Although with diminished frequency after the late 1970s the Star Wars franchise continues to influence UFO sightings and related encounters. The Millennium Falcon itself, another iconic Star Wars spaceship, makes occasional appearances as a UFO. One example, often known as the Tether incident, involves the debris spotted around Space Shuttle 75 during a February 1996 mission, which included a sort of Millennium Falcon shaped UFO, providing you allow a liberal dose of artistic licence.
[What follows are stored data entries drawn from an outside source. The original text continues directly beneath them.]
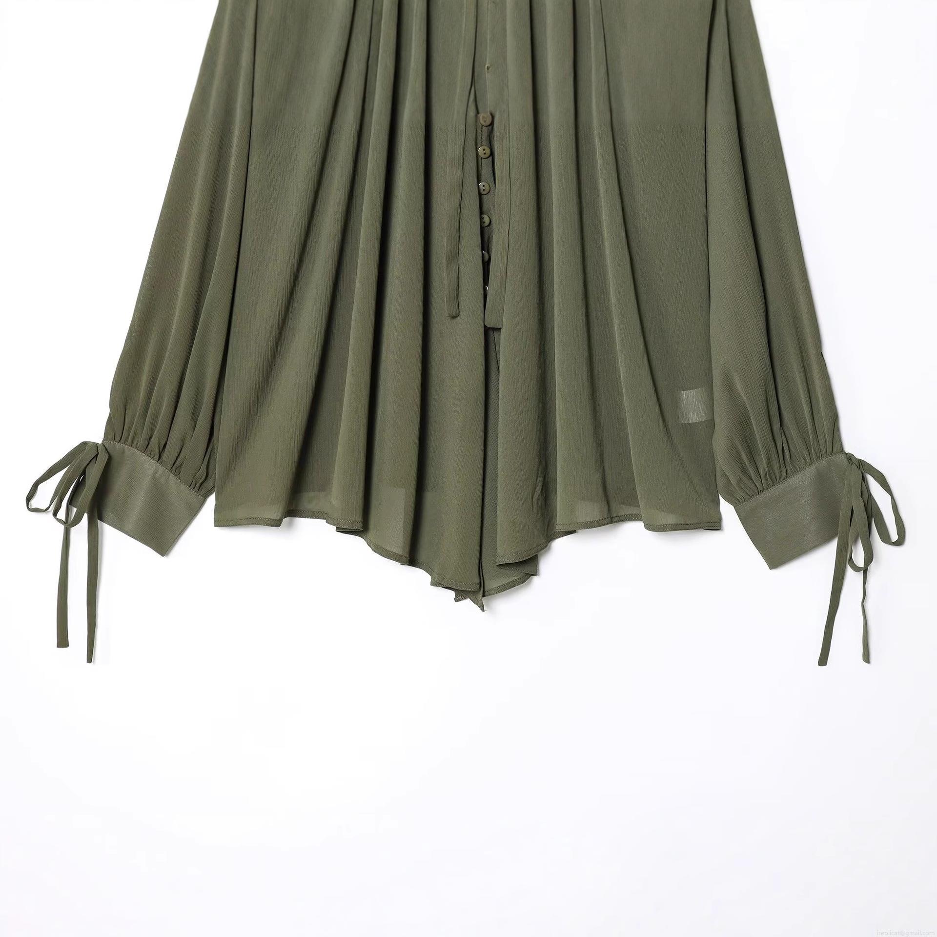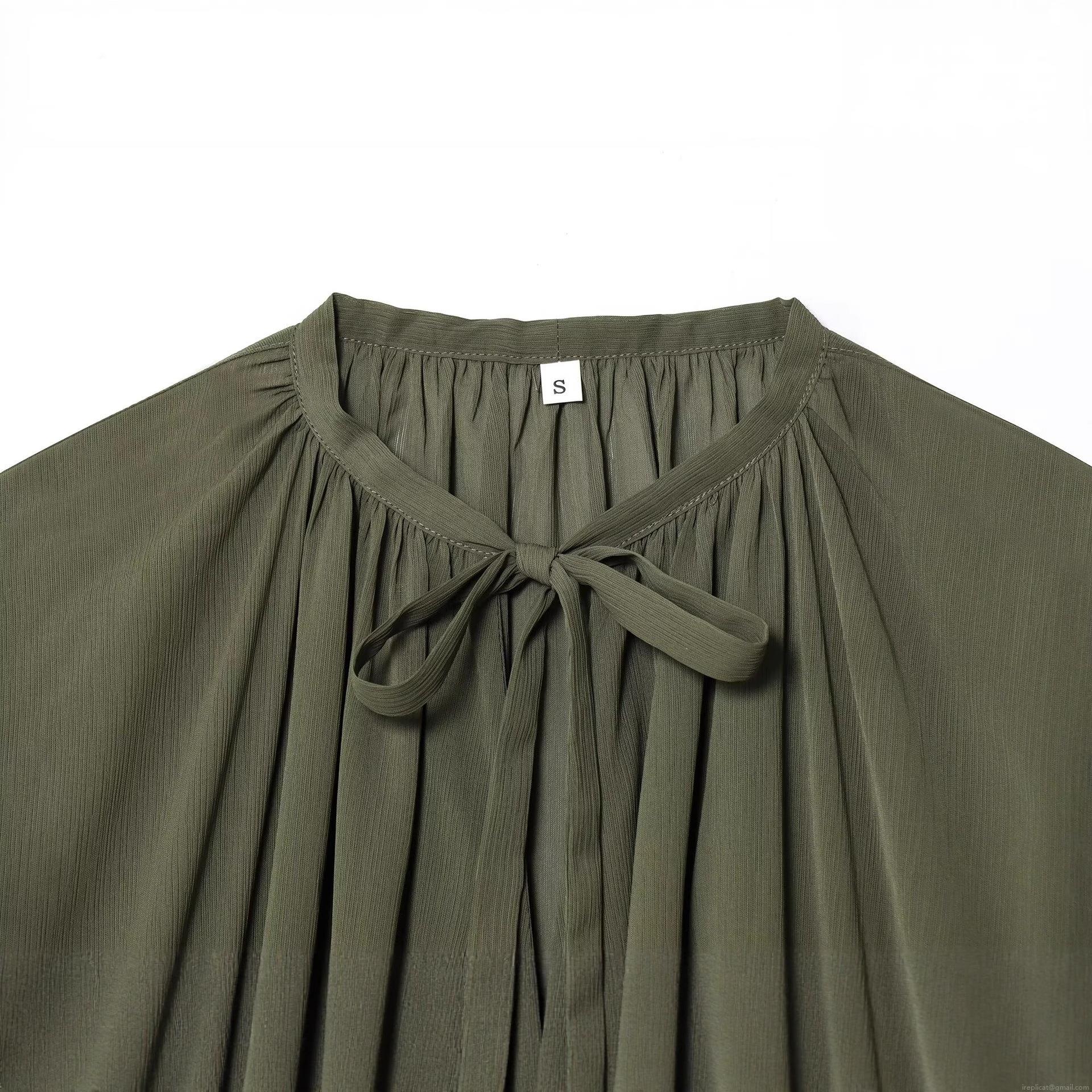 • Women's Elegant Pleated Chiffon Blouse With Bow Tie Neck And Long Sleeves Solid Color Button Down Shirt Top For Office Party Lady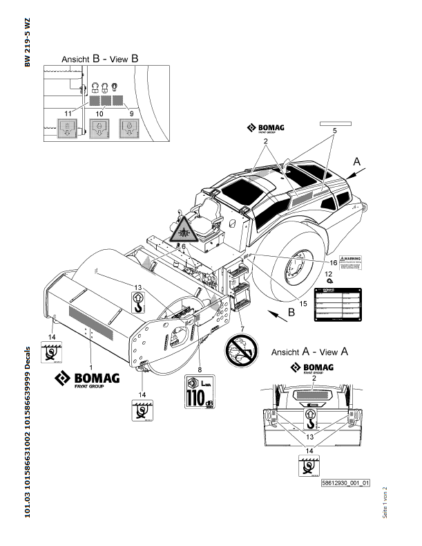 Download Complete Parts Catalogue Manual For Bomag BW 219 DH-5 TIER 3 Earth & Sanitary Landfill Construction | Serial Number - 00825223 | Pub. - 101586631001 -> 101586639999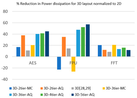 Table 2 shows the power dissipation results and the percentage decrease in total power normalized to the 2D design for different 3D layouts and tier partitioning algorithms. The results are visualized in Figure 10 and show that the AQ algorithm’s overall performance was better than that of the min-cut partitioning. The 3D results compared to the 2D counterparts were first analyzed. They show that the 3D implementation with the min-cut partitioning algorithm produced lower power dissipation for the AES and the FFT circuits while showing an increase in power dissipation for the FPU circuit. On the other hand, the results obtained with the AQ algorithm show a significant reduction in power for all the three benchmark circuits, with the AES circuit showing the most reduction in power dissipation for the two-tier models, while the FPU circuit showed the most power reduction for the higher-tier models. We also compared our results with those from other similar works [28,29], as shown in Figure 10. The FFT 3D comparison results were obtained from [28], where the 3TM metal layer structure was chosen as it produces the best results with no reduction in the metal dimensions, while the AES and the FPU comparison results were drawn from [29], using the T-MI 3D design with the 45 nm node. Only two-tier 3D models were available in these studies. Our two-tier 3D layout developed using the min-cut partitioner produced better results than the related works [28,29] for the AES and FFT circuits, while our model comprising the AQ partitioner did significantly better in all three benchmark circuits. The most likely cause for the better power results of our implementation compared to [28,29] was better partitioning algorithms. However, the exact technology libraries and layout configurations of [28,29] differ from our implementation. As a result, the comparison between the different methods applied in this work alone are more valid compared to those between our implementation and other related studies [28,29].

In June 1999 in Sydney, Australia, a witness described seeing some non-human entity moving over the fence of his property. The entity was some sort of rounded blob, but specifically the witness described it as shaped like Jabba the Hut, the large rotund alien gangsta from the third Star Wars movie Return of the Jedi, who looks like a cross between a giant slug and a toad. A distinctive character, Jabba had recently made a cameo appearance in the first of the Star Wars prequel trilogy films, The Phantom Menace, released just a month before the sighting. 

Anticipation for The Phantom Menace was especially high, and it may have been responsible for a small flap of alien related reports following its release. An encounter during the autumn of 1999 in Roslindale, Massachusetts, concerned a strange hooded figure spotted moving un-naturally fast through Arnold Arboretum. Much like the robe wearing Obi-Wan Kenobi and his mentor Qui-Gon Jinn as they force-dashed away from a pack of Droidekas in the opening battle of the movie. 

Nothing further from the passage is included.